Institute for War and Peace Reporting | Giving Voice, Driving Change

Judo Diplomacy” Eases Karabakh Tensions

Bid to improve Turkish-Armenian ties started with a football match, so could Judo tournament do same for Armenia and Azerbaijan?
By Gegham Vardanian
The Azerbaijan flag has been flown in Armenia for the first time since the Karabakh war, at a martial arts tournament tentatively welcomed by analysts as a start for “judo diplomacy”.

The welcome for the Azerbaijan team at the European Under 20 Championship, September 11-13, was warm, and police took careful steps to prevent any demonstration against the athletes, who represented a country with which Armenia has not signed a peace deal.

“We are on guard to prevent a flag being brought into the building which could be burnt,” said one policeman when asked why he was so carefully checking this correspondent’s bag.

It was the first trip to Armenia for Azeri sportsmen since the Karabakh conflict, in which Nagorny Karabakh declared independence from Baku, and Armenian forces seized control of much of what is internationally considered western Azerbaijan.

The Armenian government pledged to ensure the security of the Azerbaijan delegation’s 15 members – five sportsmen, three trainers, two doctors, two journalists, one referee and two organisers.

“This is sport, and every country is free to take part in sporting events.
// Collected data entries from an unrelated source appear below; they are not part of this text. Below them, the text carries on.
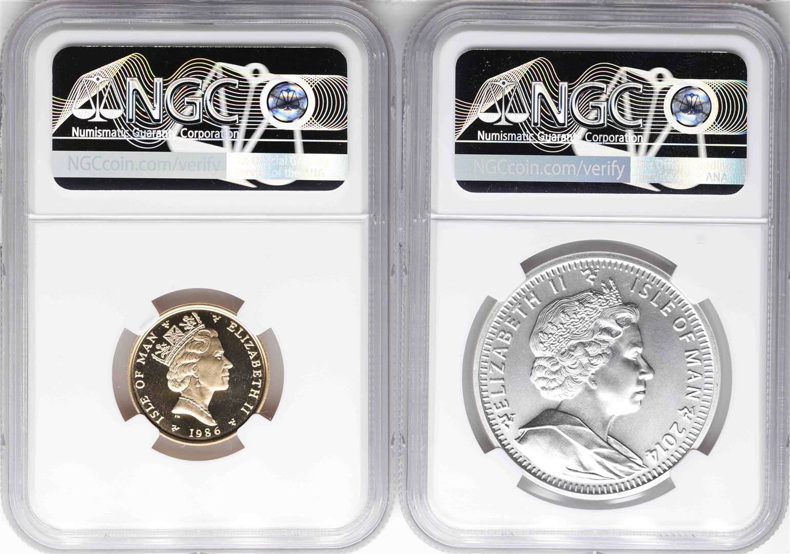 One Set of Isle of Man 2014 Silver Angel NGC MS68 & 1986 1/4 Angel Gold Coins PF68 Cameo. NGC Certified.
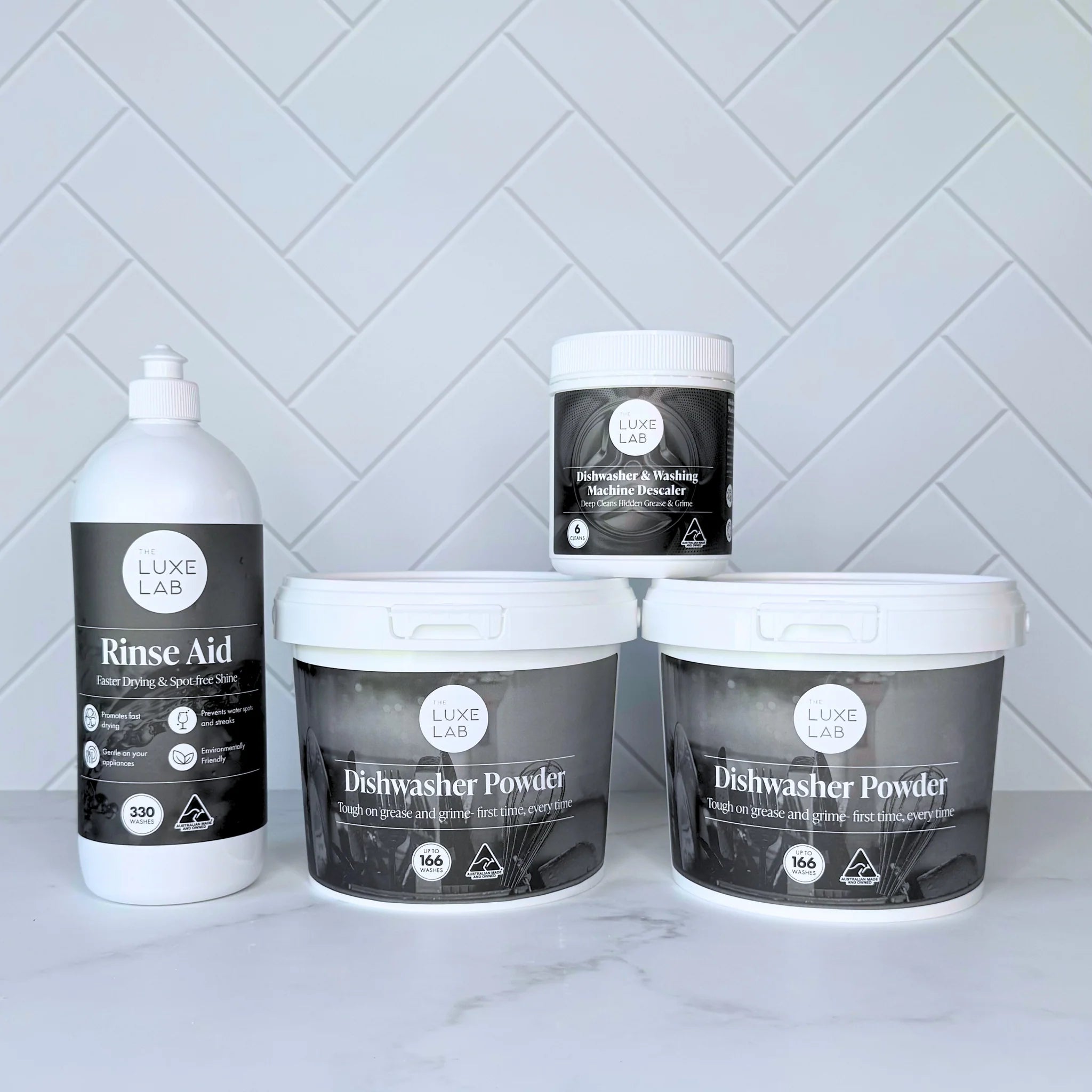 This bundle of The Luxe Lab Dishwasher Powder, The Luxe Lab Rinse Aid & The Luxe Lab Dishwasher & Washing Machine Descaler will last 12 months or 330 washes, costing justΒ 30Β cents per wash. Aside from offering great value, the range contains no nasty fillers so that your appliances are maintained along with your dishware.Β
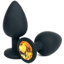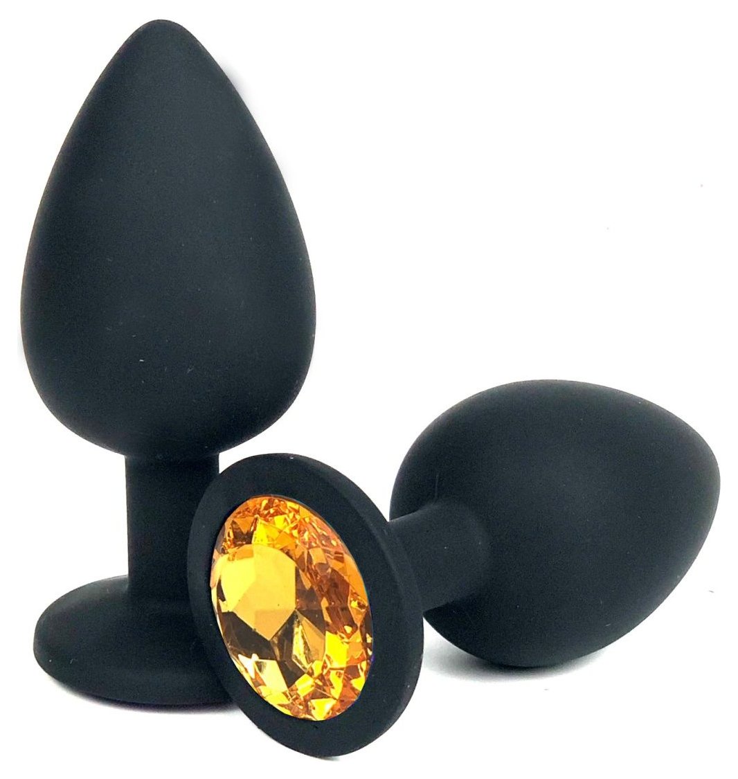 Черная силиконовая анальная пробка с оранжевым стразом - 6,8 см.
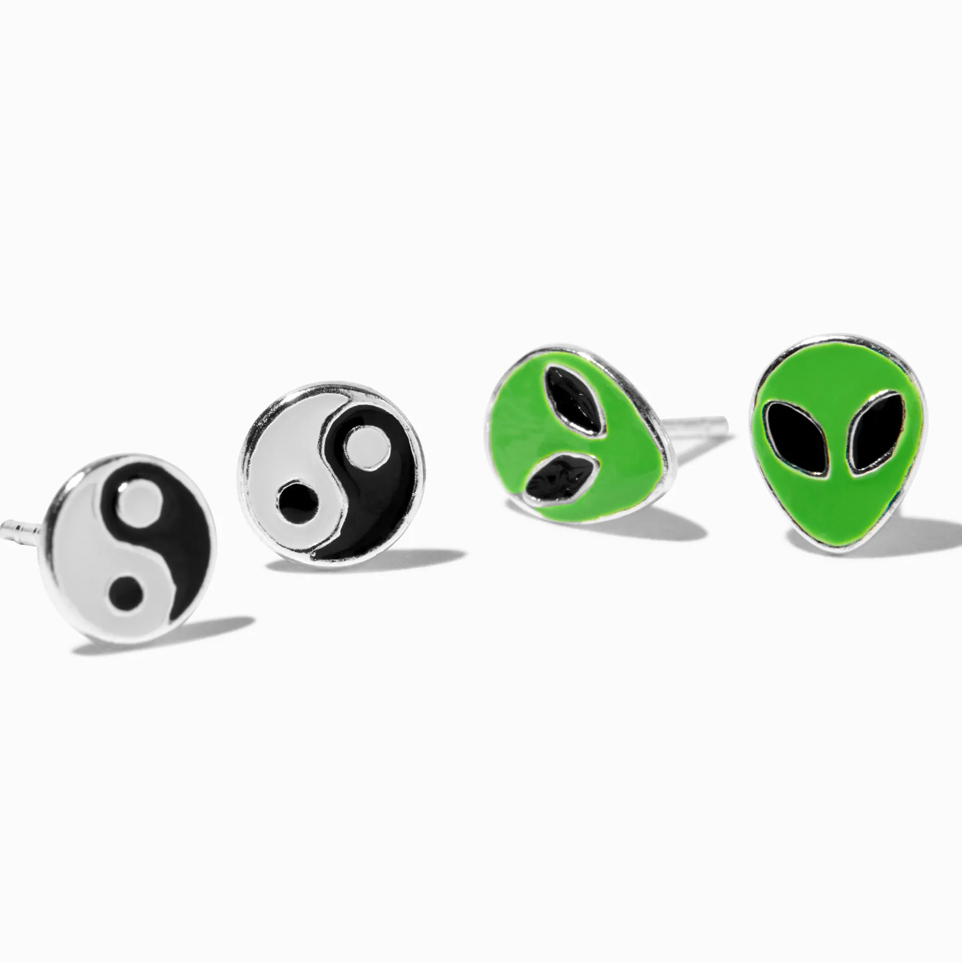 Send your look out of this world with this earring set. It includes sterling silver yin yangs and enamel alien studs.

We received Azerbaijan’s application to take part in the championship with pleasure and created all the necessary conditions for them to take part and then return to their homes,” Armen Grigorian, minster for sports and youth affairs, told IWPR.

The visit attracted broad interest in Armenia, where observers wondered if it could mark the start of a thaw in relations between Baku and Yerevan. A bid to normalise relations between Turkey and Armenia started with a football match between the national sides last year so could, observers wondered, the judo tournament prove to be a similar turning point.

“It’s well-known that the process of regulating Armenian-Turkish relations is called ‘football diplomacy’. If you take a parallel with the participation of the Azerbaijan sportsman in the European Championship in Yerevan, then you can call this ‘judo diplomacy’,” Stepan Grigorian, a political analyst, said.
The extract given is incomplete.